▶ **Try it**
Hand back every line from the beginning of the data below through the line containing "例えば、USD/JPYのスプ", word for word and free of pictures.

═════ Provided material

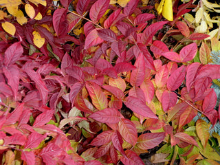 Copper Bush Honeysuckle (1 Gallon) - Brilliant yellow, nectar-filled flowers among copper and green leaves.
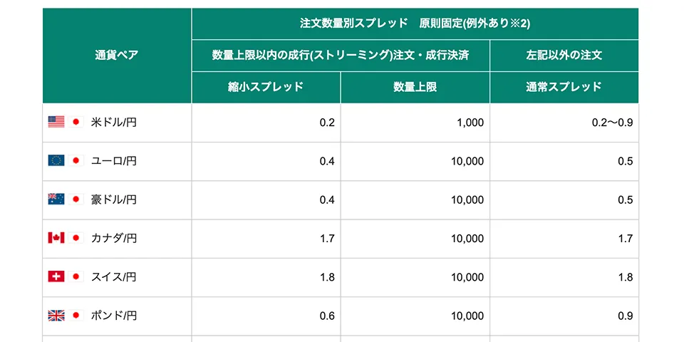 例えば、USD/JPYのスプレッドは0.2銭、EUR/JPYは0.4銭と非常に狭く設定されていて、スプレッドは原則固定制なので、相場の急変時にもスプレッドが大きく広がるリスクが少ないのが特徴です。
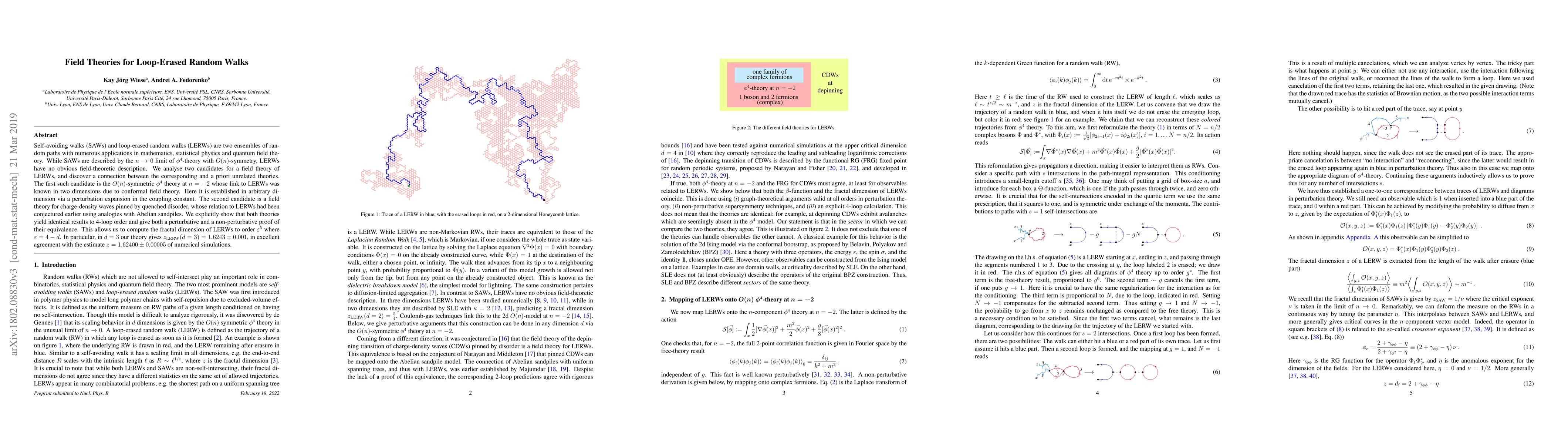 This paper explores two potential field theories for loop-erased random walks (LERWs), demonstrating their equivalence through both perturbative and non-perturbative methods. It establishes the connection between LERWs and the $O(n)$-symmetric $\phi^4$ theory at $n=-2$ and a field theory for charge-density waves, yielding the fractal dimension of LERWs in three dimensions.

══════════

▶ **Response to this task**
 Copper Bush Honeysuckle (1 Gallon) - Brilliant yellow, nectar-filled flowers among copper and green leaves.
 例えば、USD/JPYのスプレッドは0.2銭、EUR/JPYは0.4銭と非常に狭く設定されていて、スプレッドは原則固定制なので、相場の急変時にもスプレッドが大きく広がるリスクが少ないのが特徴です。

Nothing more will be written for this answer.